Also ein Glaube wird ja immer weiterhin ein Glaube sein, etwas Sprachliches und ein anderes Wort für Vertrauen und Hoffnung. Der Glaube an sich, also ein religiöser Glaube, hat zwar auch was mit Vertrauen und Hoffnung zu tun, steht aber in einem anderen Kontext. Der Wissenschaft Glauben schenken? Ja, definitiv. Dem Glauben Glauben schenken? Muss jeder für sich selbst entscheiden. Der Wissenschaft mit Vertrauen und Hoffnung begegnen? Ja, weil die Wissenschaft eine theoretische und praktische Hand über uns legt. Dem Glauben mit Vertrauen und Hoffnung begegnen? Muss jeder für sich selbst entscheiden und sollte auf einer Ebene von Toleranz begegnet werden.

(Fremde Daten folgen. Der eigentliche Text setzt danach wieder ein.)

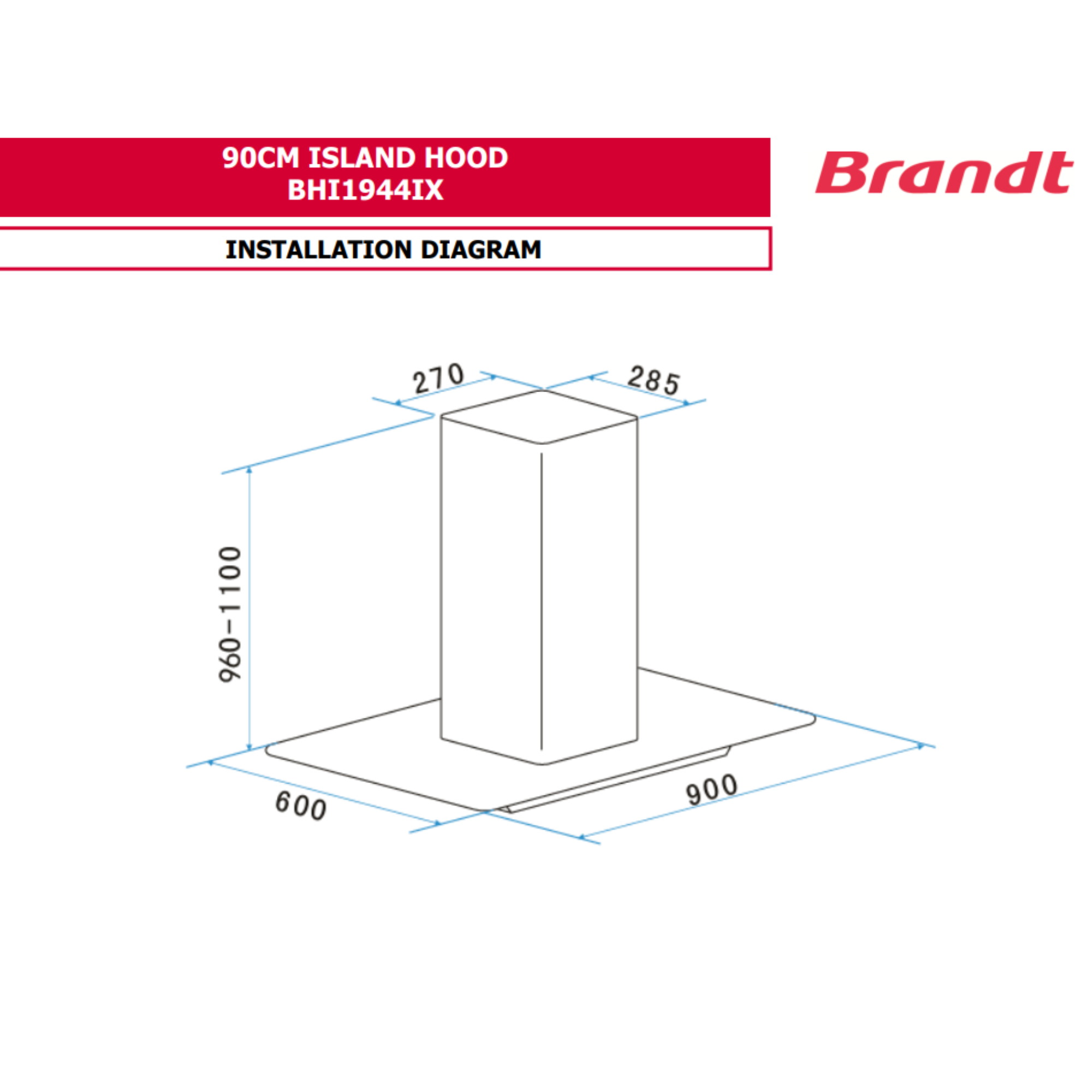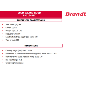 Brandt BHI1944IX - 90cm Island Hood

Vor jeder wissenschaftlichen Disziplin muss halt immer ein Funke Glauben existieren.  Irgendjemand glaubte ja erstmal etwas, bevor diese Person einen wissenschaftlichen Beweis runtergeschrieben hat: »Ich glaube man kann Körper und Konstrukte berechnen« — zack, bumm, Mathematik.

 

Dunya: Generell ja.

weiter denken: Generell?

Dunya: Eigentlich kann ich für mich sagen, dass ich schon an die Wissenschaft glaube, weil ich auch an Forschungsergebnisse glaube. Natürlich kann auch mal was widerlegt werden, in meinen Augen, wenn man neue Erkenntnisse hat, so.

weiter denken: Also kein blinder Glaube?

Dunya: Nein, kein blinder, also nicht einfach blindes Vertrauen. Ich muss es irgendwo nachvollziehen können. Und ich würde auch nicht ausschließen, wenn man heute etwas wirklich sicher »weiß«, in Anführungszeichen, kann es ja trotzdem sein, dass man sagt, in zwanzig Jahren, das kann man widerlegen, es war doch nicht so. Das kann ja natürlich auch passieren, das würde ich auch nicht abstreiten.

 

Anja: Ich würde mit einem einfachen »ja« antworten.

weiter denken: Ein einfaches »ja«? Was ist der Gedanke dahinter?

Anja: Ja, ich glaube an die Wissenschaft, weil ich an Logik glaube, sich damit alles erklären lässt und auch einen Sinn ergibt. Irgendwie so, mehr habe ich dazu jetzt tatsächlich nicht gedacht.

 

weiter denken: Glauben Sie an die Wissenschaft?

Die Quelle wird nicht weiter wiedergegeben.